#### [INFORMATION SHOWN]
# # # # #

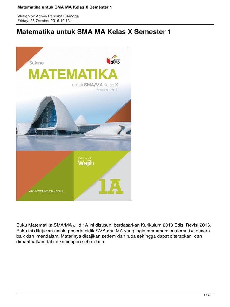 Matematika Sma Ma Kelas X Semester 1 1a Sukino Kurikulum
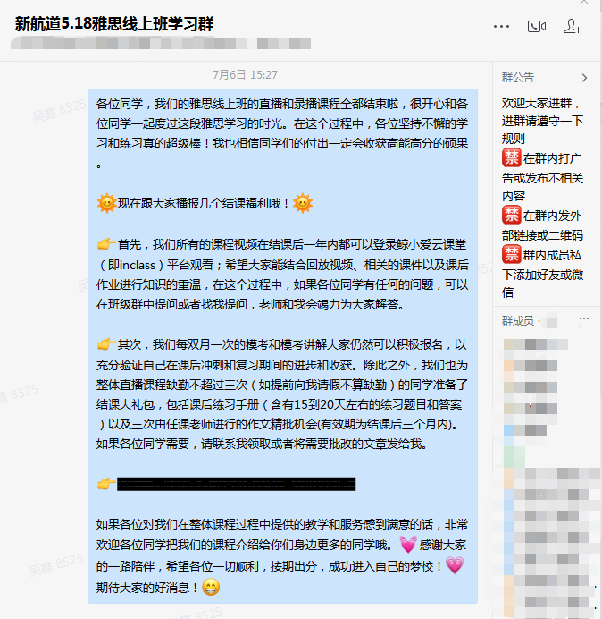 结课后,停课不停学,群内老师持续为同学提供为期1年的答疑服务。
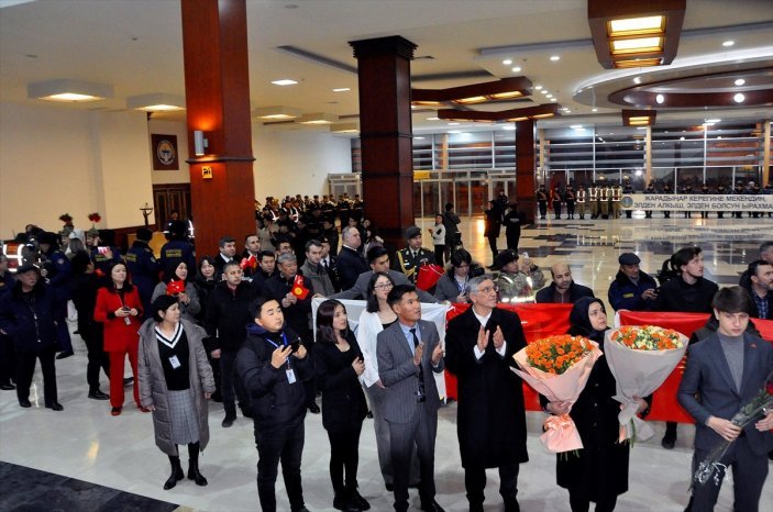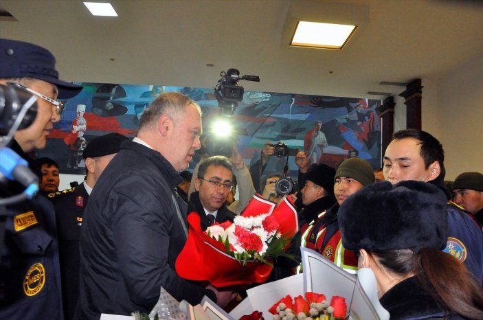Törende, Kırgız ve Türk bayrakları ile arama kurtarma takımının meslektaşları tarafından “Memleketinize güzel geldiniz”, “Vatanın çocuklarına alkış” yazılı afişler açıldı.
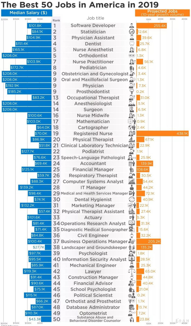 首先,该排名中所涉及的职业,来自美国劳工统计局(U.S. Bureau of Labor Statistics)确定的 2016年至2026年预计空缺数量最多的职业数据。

# # # # #

Each line of the data above must be reproduced as written. Skip the pictures.

#### [FINISHED EXERCISE]
 Matematika Sma Ma Kelas X Semester 1 1a Sukino Kurikulum
 结课后,停课不停学,群内老师持续为同学提供为期1年的答疑服务。
Törende, Kırgız ve Türk bayrakları ile arama kurtarma takımının meslektaşları tarafından “Memleketinize güzel geldiniz”, “Vatanın çocuklarına alkış” yazılı afişler açıldı.
 首先,该排名中所涉及的职业,来自美国劳工统计局(U.S. Bureau of Labor Statistics)确定的 2016年至2026年预计空缺数量最多的职业数据。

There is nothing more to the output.